__Data extract__.
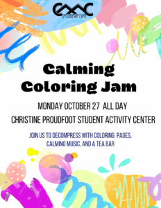 Join us to decompress with coloring pages, calming music, and a tea bar.
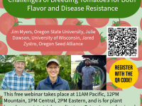 Join eOrganic for a webinar on challenges in breeding tomatoes, with the right combination of great flavor and disease resistance! It takes place on March 24, 2026 at 11AM Pacific, 12 PM Mountain, 1PM Central, and 2PM Eastern Time. It's free and open to the public, and advance registration is required.
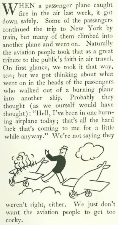 A few posts ago (the April 11 issue) I wrote about E.B. White’s love of flying, and how his (and the nation’s) exuberance for aviation suddenly came crashing down along with Knute Rockne’s plane in a Kansas wheat field.
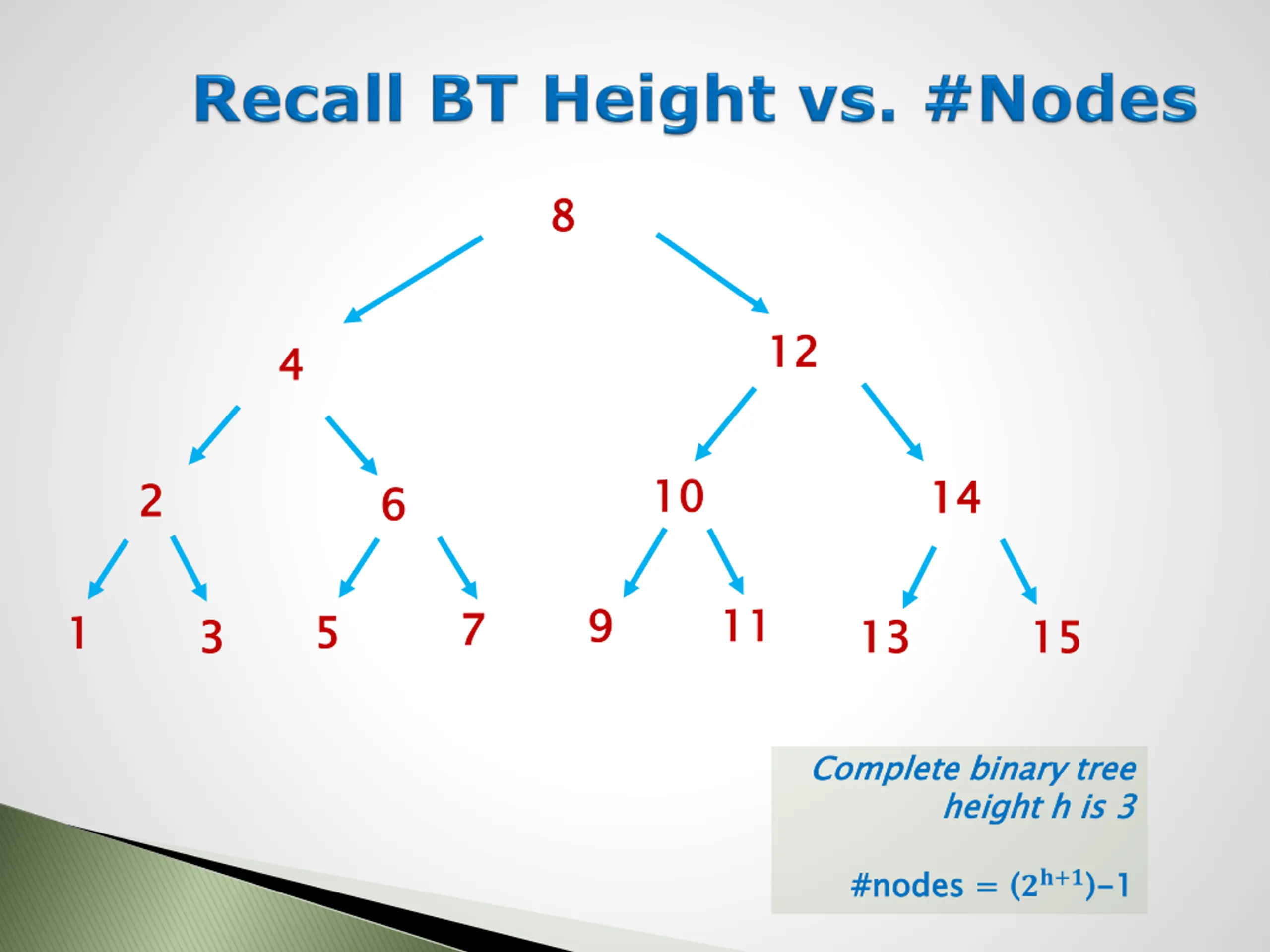 8 8 12 12 4 4 10 10 14 14 2 2 6 6 11 11 9 9 7 7 5 5 1 1 3 3 13 13 15 15 Complete binary tree eight h is 3 Complete binary tree h height h is 3 #nodes = ( #nodes = (??+?) )- -1 1
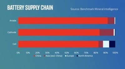 관세와 기술 전쟁은 단순히 미국 자동차 산업을 보호하기 위한 것이 아니기 때문이다. 중국은 배터리(셀) 제조에서도 완전히 우위를 점하고 있기 때문에 전기차 제조에서 완전히 우위를 점하고 있다. 또한 전지에 들어가는 화학 물질(음극 및 양극)의 제조에서도 완전히 우위를 점하고 있다.
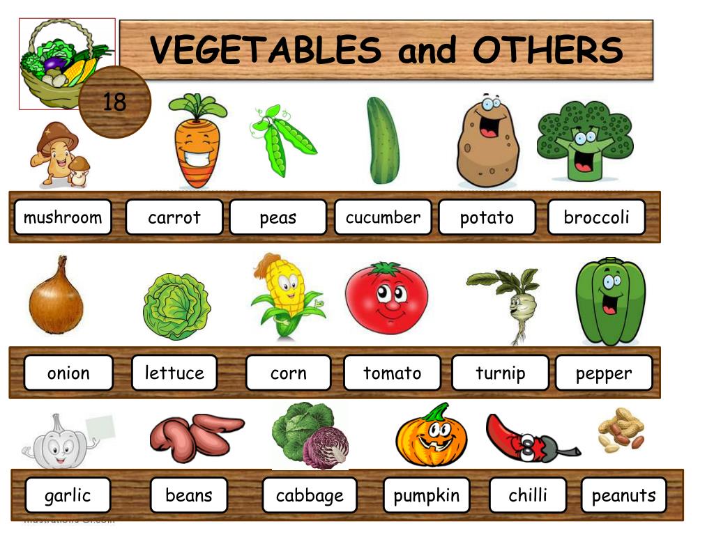 VEGETABLES and OTHERS 18 1 2 3 4 5 6 mushroom carrot peas cucumber potato broccoli 7 8 9 10 11 12 onion lettuce corn tomato turnip pepper 13 14 15 16 17 18 garlic beans cabbage pumpkin chilli peanuts

__The task__.
Pictures aside, the material must be written out word for word.

__Output of the task__.
 Join us to decompress with coloring pages, calming music, and a tea bar.
 Join eOrganic for a webinar on challenges in breeding tomatoes, with the right combination of great flavor and disease resistance! It takes place on March 24, 2026 at 11AM Pacific, 12 PM Mountain, 1PM Central, and 2PM Eastern Time. It's free and open to the public, and advance registration is required.
 A few posts ago (the April 11 issue) I wrote about E.B. White’s love of flying, and how his (and the nation’s) exuberance for aviation suddenly came crashing down along with Knute Rockne’s plane in a Kansas wheat field.
 8 8 12 12 4 4 10 10 14 14 2 2 6 6 11 11 9 9 7 7 5 5 1 1 3 3 13 13 15 15 Complete binary tree eight h is 3 Complete binary tree h height h is 3 #nodes = ( #nodes = (??+?) )- -1 1
 관세와 기술 전쟁은 단순히 미국 자동차 산업을 보호하기 위한 것이 아니기 때문이다. 중국은 배터리(셀) 제조에서도 완전히 우위를 점하고 있기 때문에 전기차 제조에서 완전히 우위를 점하고 있다. 또한 전지에 들어가는 화학 물질(음극 및 양극)의 제조에서도 완전히 우위를 점하고 있다.
 VEGETABLES and OTHERS 18 1 2 3 4 5 6 mushroom carrot peas cucumber potato broccoli 7 8 9 10 11 12 onion lettuce corn tomato turnip pepper 13 14 15 16 17 18 garlic beans cabbage pumpkin chilli peanuts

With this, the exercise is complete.